Legendary horror director John Carpenter just wants to play video games, watch basketball, and eat Popsicles: ‘I’m not a master of anything’

by Key_Damage_9220

18 comments
  1. He really just doesn’t give any effs. He’s retired and doesn’t take his work too seriously, good for him, the interviewer persistently tried dragging him into answering serious questions and he wasn’t having any of it.

  2. That’s a smart person answer. I don’t know anything.

  3. I’m just like John Carpenter then, minus the multi million on my bank account…

  4. Folks! Read the article! It’s a classic example of old man frontier gipperish the likes we haven’t seen since Blazing Saddles.

  5. Been meaning to work my way through is filmography! This must be a sign. Thinking of starting with The Thing. Any other suggestions?

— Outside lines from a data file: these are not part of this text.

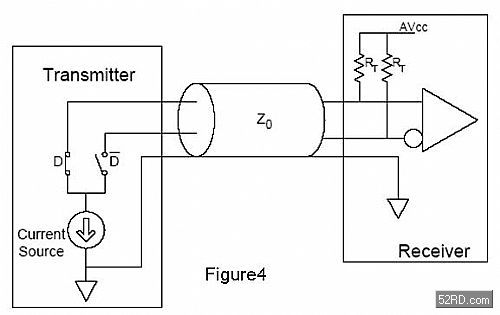 許多設(shè)計(jì)人員都很熟悉電壓驅(qū)動(dòng)應(yīng)用,并因此很自然地設(shè)想導(dǎo)通阻抗是開關(guān)選擇中最重要的規(guī)格。這種設(shè)想出于在電壓源應(yīng)用中,導(dǎo)通阻抗往往會(huì)引起插損和信號(hào)衰減。但幸運(yùn)地,HDMI 和 DVI信號(hào)并沒有這個(gè)問題,因?yàn)樗鼈兪褂镁哂薪K端電阻的電流源來建立信號(hào)電平。圖4所示為如何建立TMDS信號(hào)的基本原理圖。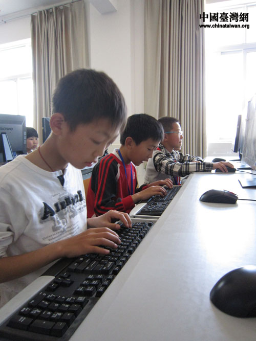 富林鎮(zhèn)第一小學(xué)學(xué)生多功能教室、音樂室、美術(shù)室、團隊活動室等全都配齊,圖為富林鎮(zhèn)一小學(xué)生正在上計算機課。(中國臺灣網(wǎng) 朱毅 攝)
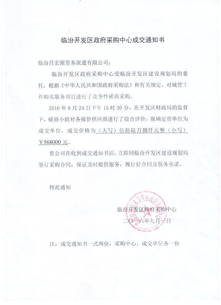 熱烈祝賀!臨汾昌宏源勞務(wù)派遣有限公司2016年8月24日在臨汾開發(fā)區(qū)建設(shè)規(guī)劃局服務(wù)項目中成功中標(biāo)。

  6. Wish a lot of our aged elected officials had this mentality. Won’t retire b/c they don’t know how to just live life

  7. I love Carpenter’s approach to life. He just plays his games, smokes his weed and creates music and movies when he wants to!
    He also has a healthy approach to sequels and remakes of his work: “I don’t care as long as I get a check” 😅

  8. He prefers “The Thing From Another World (1951)” over his own classic remake.

    This man is proof positive that everyone who remakes anything (and isn’t a raging narcissist) always prefers the original.